The 1991 series in the WI was closer than the result would show. The Aussies utterly dominated the ODI series and essentially won two Tests (rained killed off their chances in the first), the WI won two and one was very even (again, rain-affected). Was a very close series but WI batted better overall, nothing in it with the bowling.
It's a fascinating series that, and while it was closer than 2-0, I still think West Indies had as good a chance of victory in the First Test as Australia did. Obviously Australia were patently denied in the other rain-affected game, think it was the Third? I'd like to think that West Indies would've won the First Test TBH, though of course we'll never know. In the end Australia's only actual victory was in a dead game - who knows how different that might've been had it been live.
1992, again, was very close but the WI were better with the bat generally plus had one great Test with the ball.
WI and Aus were the two best in the 90's until the Aussie beat them over there, SA were close behind but were still behind.
As I say, Australia's victory in 1995 was almost as unconvincing to me as West Indies' in 1992/93 - which you yourself said not long ago should've been a 2-2 draw and was a sincere miscarriage of justice.
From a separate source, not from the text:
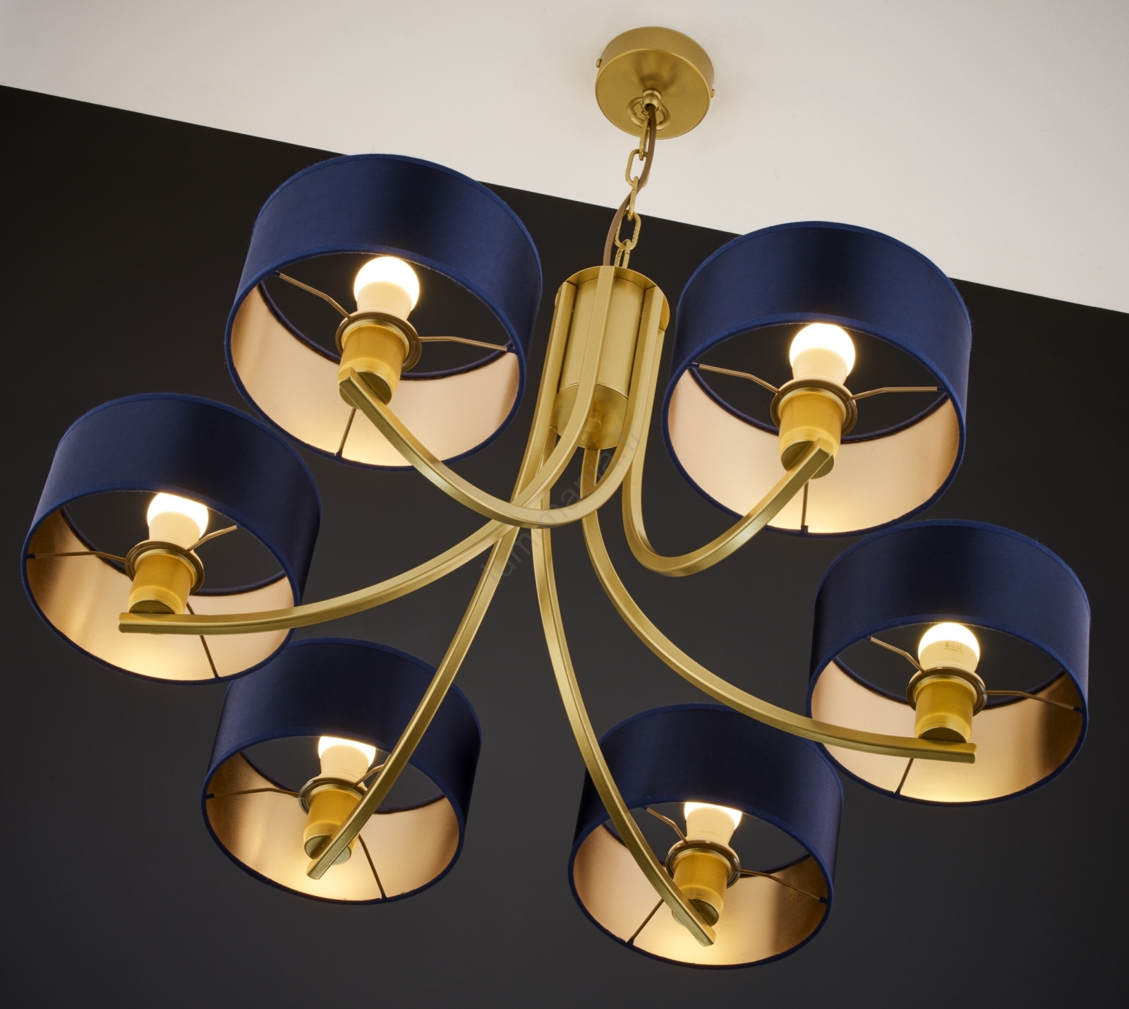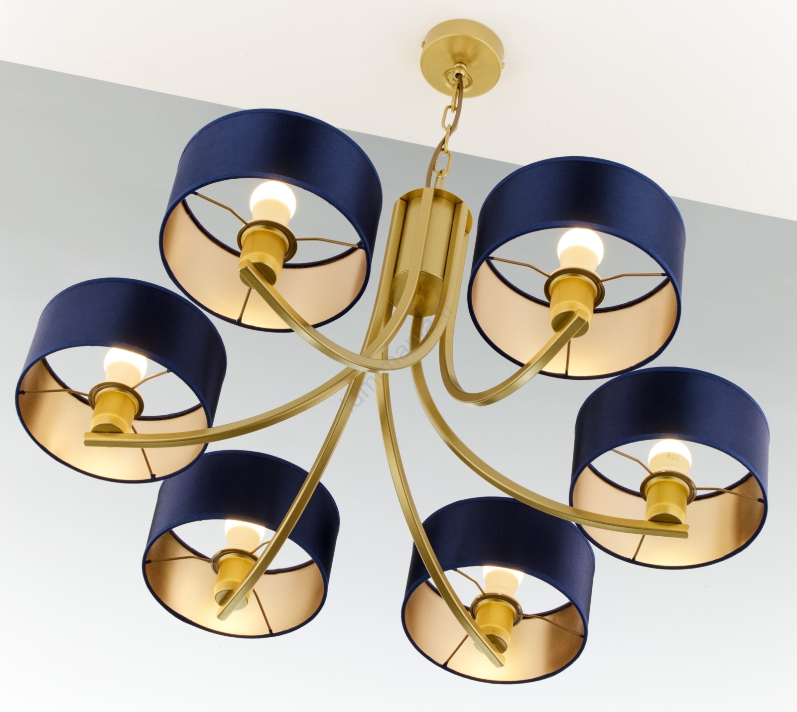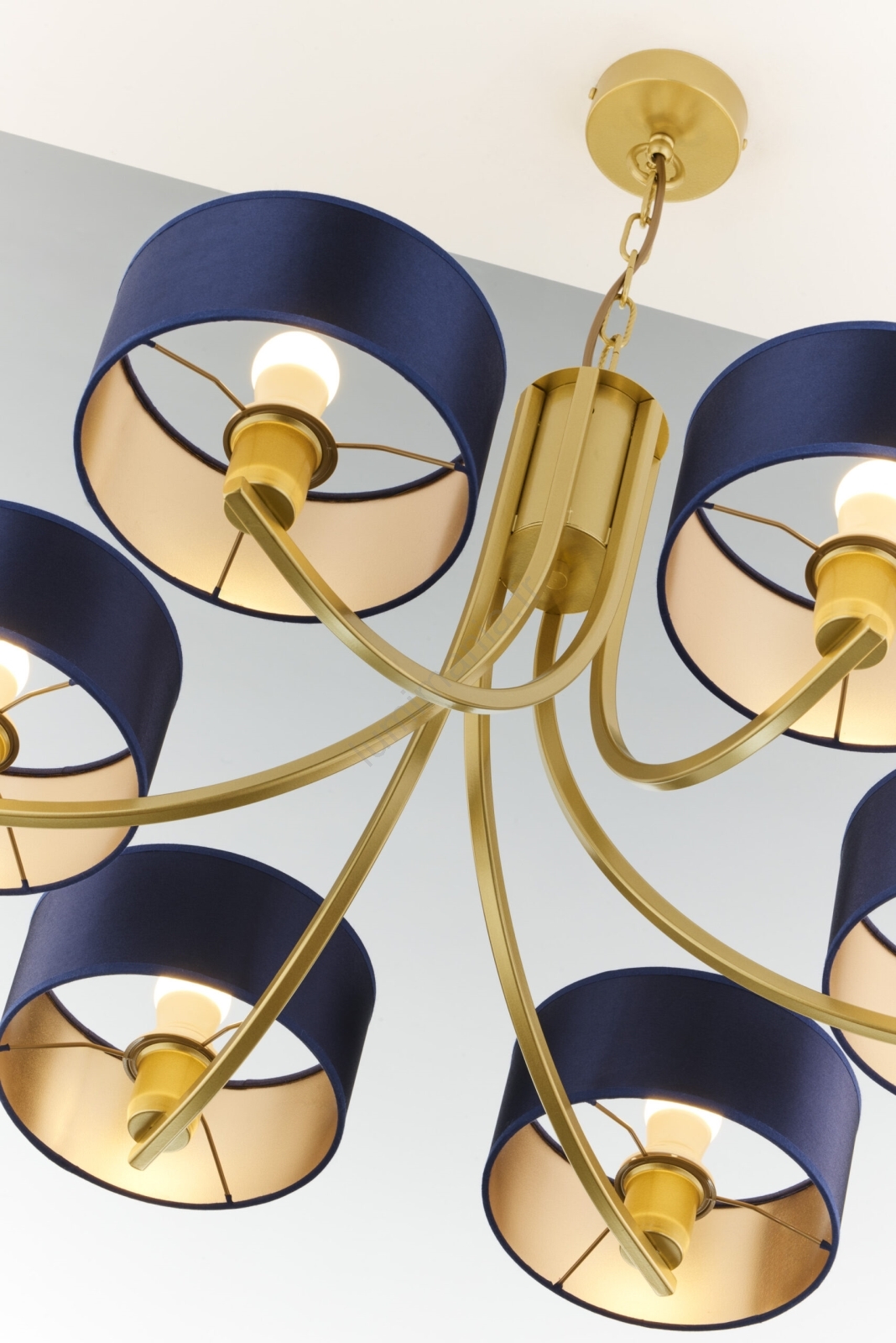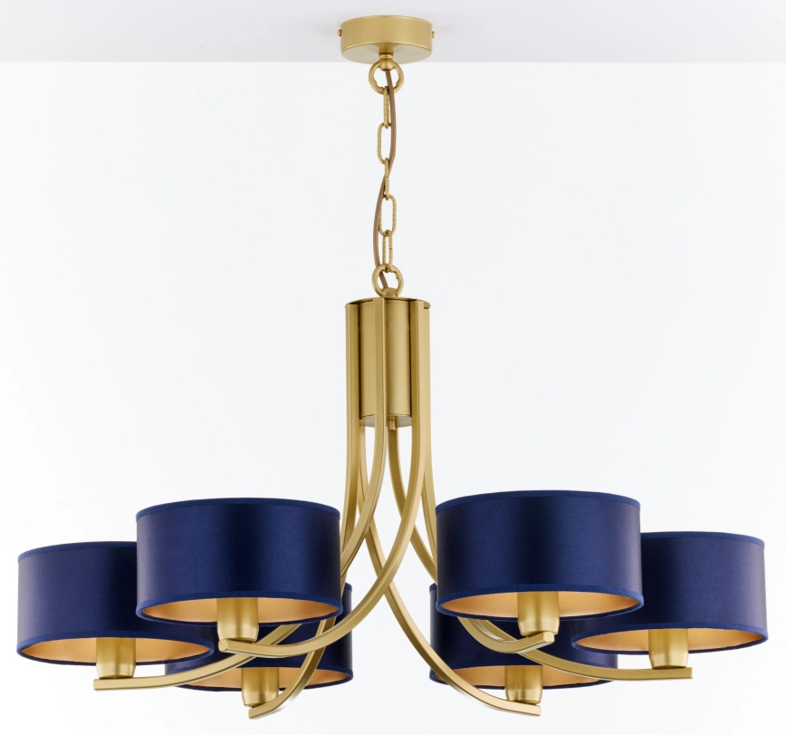 Jupiter 2095 - Lustre à chaîne ARTHUR 6xE27/15W/230V bleu/doré caractérise un design agréable et fonctionnel.  Une ampoule à culot E27 convient pour ce luminaire. Ici, vous pouvez acheter d'autres ampoules à des prix avantageux. Vous aurez un ajout intéressant dans votre intérieur.

West Indies could possibly have won the one rain-affected Test in 1995; and certainly they could've won the decider had Browne not dropped that catch off Stephen Waugh.
As I say, for mine the first time Australia proved that they were clearly superior to West Indies was 1996/97. They were the better side throughout, and West Indies only won games once they were already two-down.
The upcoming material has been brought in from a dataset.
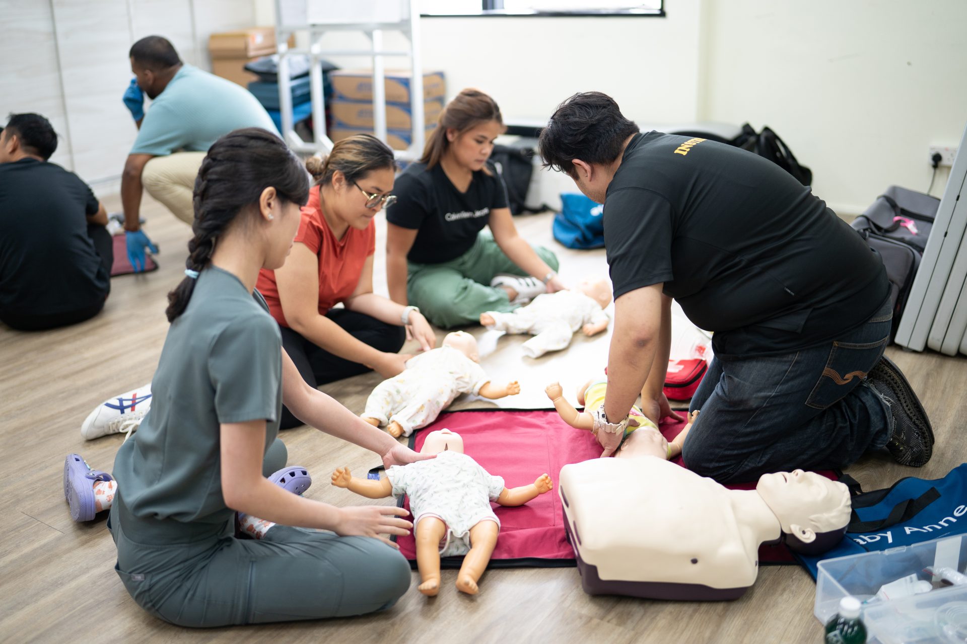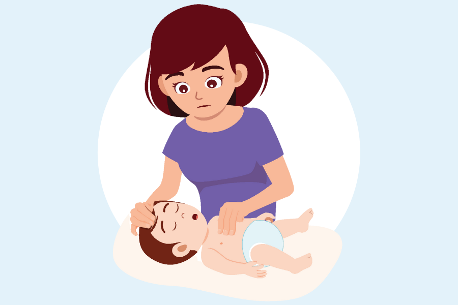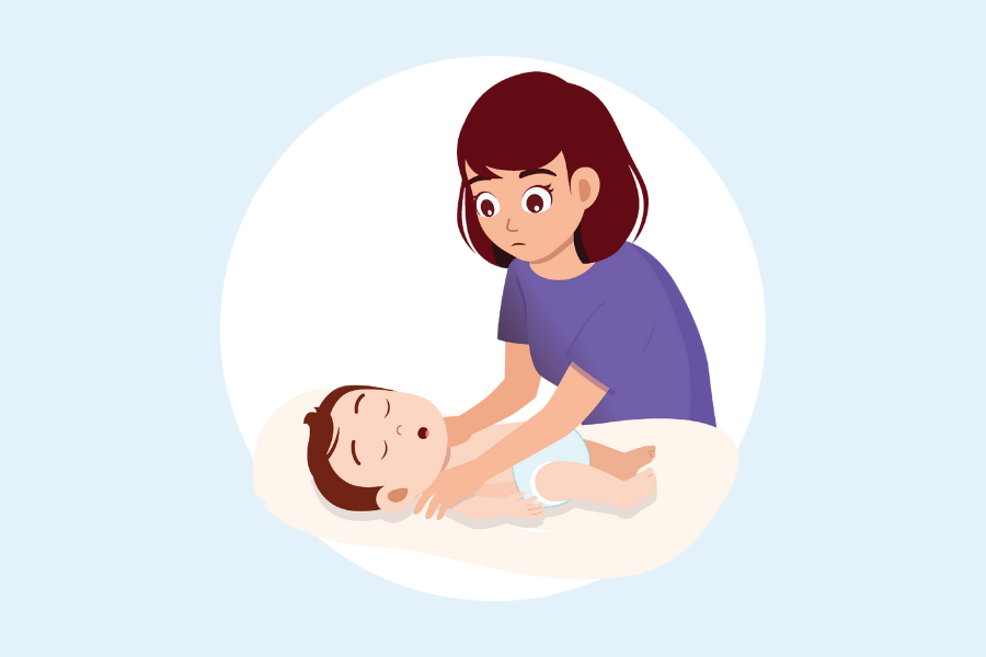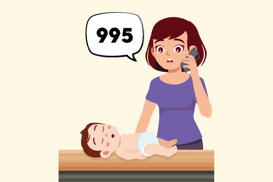 Place the infant on a firm and flat surface and call 995 for ambulance immediately.

Their main bowlers were top-shelf but their back-up wasn't as good as the other sides. plus, their batting wasn't anywhere near as good as the Aussies or WI. That there was the big difference, really. SA had good solid, gritty batsmen but only Cullinan was close to being in a World XI for the time.
Nah, no way. Donald always was up with the best seamers around and often THE best, and even if there wasn't anyone else who was World XI material, they had a virtual full hand of good, Test-class players (Hudson, Kirsten, Wessels, Cronje, Rhodes, McMillan, Matthews, PS de Villiers, Symcox). It'd be possible to argue that the side straight after readmission was SA's best since readmission.